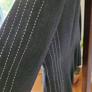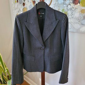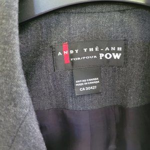This gorgeous high-quality jacket from designer Andy The-Anh (for POW) is a virgin wool/poly/elastane blend. It has unique white stitched detail and is in excellent condition with some small pulls in the stitching and one small pick (from wearing a poppy) on the lapel (see pictures - they are honestly hardly noticeable when wearing the jacket). It has a single button front closure and front pockets. It is sized US 8 but fits a bit bigger (8-10) - see measurements. From a smoke free and pet free home.
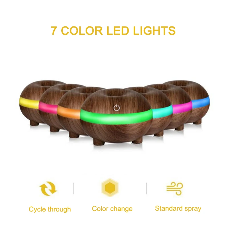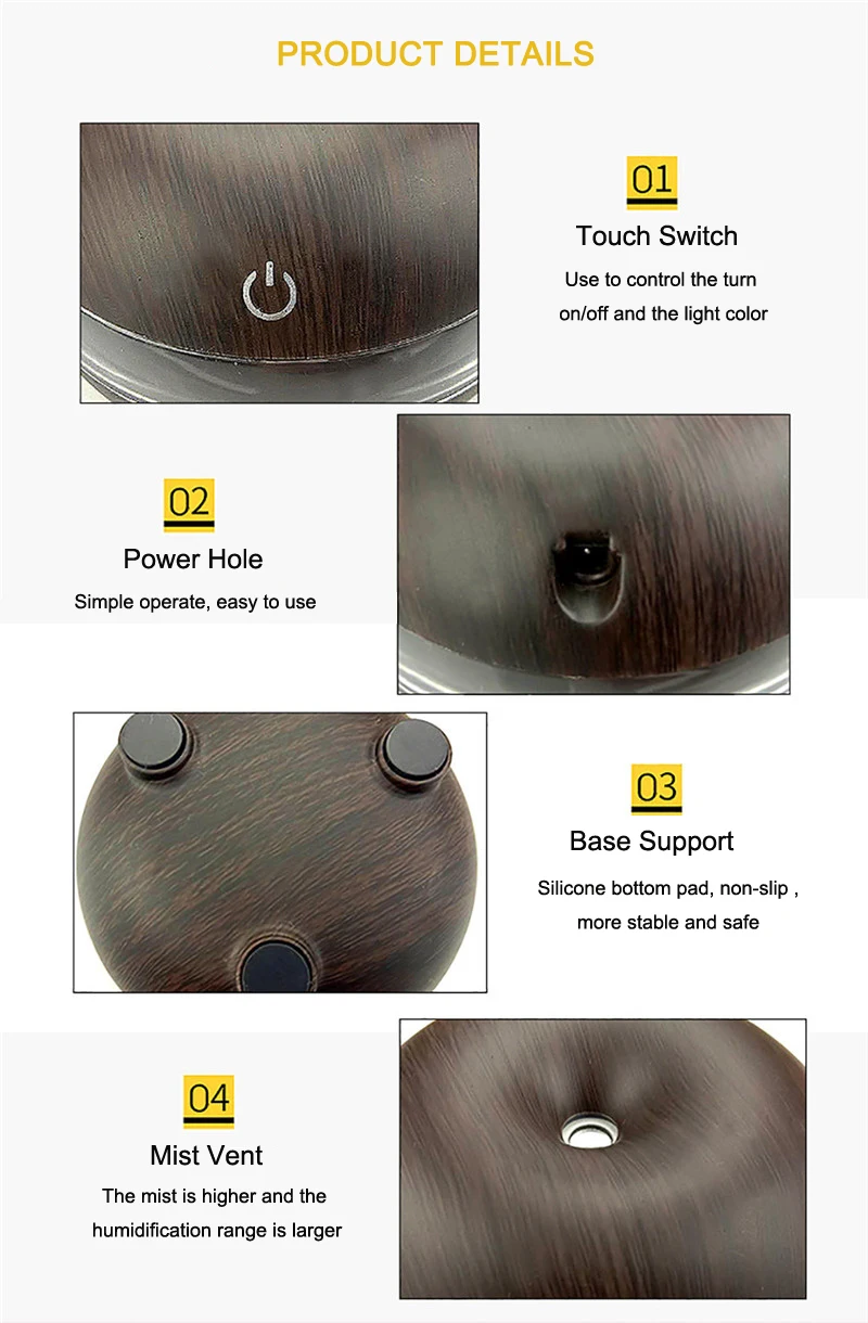 1. Древесное зерно, уникальный и компактный дизайн: Этот аромадиффузор покрыт древесным зерном, что делает его очень естественным и примитивным. Благодаря компактному и портативному дизайну крышка аромадиффузора легко снимается, вы не будете беспокоиться откручивать крышку с большой силой, когда ваши руки будут влажными. Просто аккуратно снимите крышку, добавьте воду и эфирное масло, наслаждайтесь высококачественной жизнью. 2. Портативный с регулируемым выходом тумана: диффузор эфирного масла удерживает до 300 мл воды, не слишком большой, не слишком маленький. Он производит до 35 влаги в час. Он может работать до 6 часов непрерывной работы при низком тумане. Автоматическое выключение при использовании воды, что обеспечивает безопасность. Длительное нажатие для переключения между высоким и низким туманом для продления срока запотевания. (Один звуковой сигнал для режима сильного тумана, Два звуковых сигнала для режима низкого тумана) 3,7 цветной светодиодный светильник. 7 цветов, вращающихся через/фиксированных один цвет устойчивый ВКЛ/ВЫКЛ. Каждый цвет регулируется между яркими и тусклыми. Идеальный ночной Светильник для детской спальни и мягкий светильник создает романтическую атмосферу, которая помогает вам избежать шума и суеты современной жизни. 4. Может использоваться в качестве увлажнителя. Обеспечивает влагу для сухой и сухой кожи.
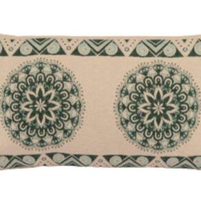 Especificações Técnicas: - Material da Capa: Tecido Jacquard 58% Algodão / 42% Poliéster - Material do Refil: Tecido 100% Polipropileno | Enchimento 100% Poliéster - Cor: Mandala Verde
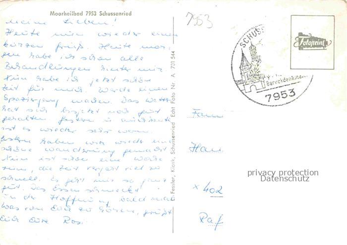 74059445 alte Postkarte Bad Schussenried Parksanatorium Kurheim Moorbad Zeller See Toerle postalisch gelaufen Erhaltung siehe scans [WerneD78] KatCode: 11110008426014
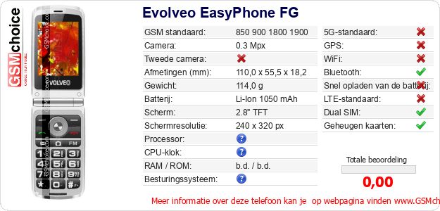 Gegevens van de telefoon Evolveo EasyPhone FG op jouw webpagina
==================================================
* Directions for this task
Please restate exactly the lines from the one containing "Especificações Técnicas: - Material" down to the end of the material, both ends kept, and do not include the pictures.

* Result of this exercise
 Especificações Técnicas: - Material da Capa: Tecido Jacquard 58% Algodão / 42% Poliéster - Material do Refil: Tecido 100% Polipropileno | Enchimento 100% Poliéster - Cor: Mandala Verde
 74059445 alte Postkarte Bad Schussenried Parksanatorium Kurheim Moorbad Zeller See Toerle postalisch gelaufen Erhaltung siehe scans [WerneD78] KatCode: 11110008426014
 Gegevens van de telefoon Evolveo EasyPhone FG op jouw webpagina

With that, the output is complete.